# Provided data
########################################

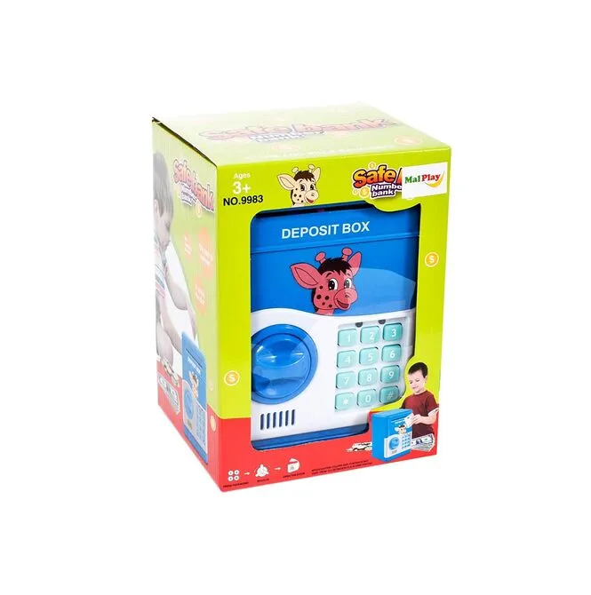 Skarbonka w kształcie sejfu to wiele godzin zabawy i nauki oszczędzania. Do sejfu można wpłacać pieniądze, oraz wyjmować po wprowadzeniu odpowiedniego kodu. W momencie przyłożenia banknotu do wlotu, sejf pobierze go automatycznie oraz zacznie grać jedna z 7 melodyjek.
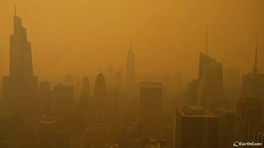 A video showing the wildfire smoke from Canada that has reached New York City.
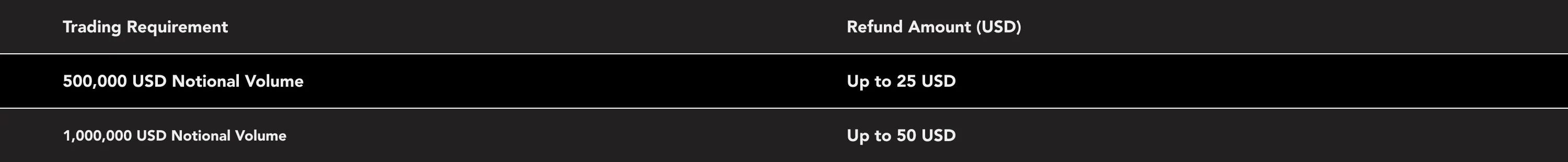 *If there are multiple eligible accounts under the same client’s name, clients need to select one of them to activate the promotion and receive the refund, but the deposit requirement and trading volume will be calculated for all eligible accounts combined.

########################################

# Task brief
The answer should contain all the material above, copied exactly, and no images.

# Exercise answer
 Skarbonka w kształcie sejfu to wiele godzin zabawy i nauki oszczędzania. Do sejfu można wpłacać pieniądze, oraz wyjmować po wprowadzeniu odpowiedniego kodu. W momencie przyłożenia banknotu do wlotu, sejf pobierze go automatycznie oraz zacznie grać jedna z 7 melodyjek.
 A video showing the wildfire smoke from Canada that has reached New York City.
 *If there are multiple eligible accounts under the same client’s name, clients need to select one of them to activate the promotion and receive the refund, but the deposit requirement and trading volume will be calculated for all eligible accounts combined.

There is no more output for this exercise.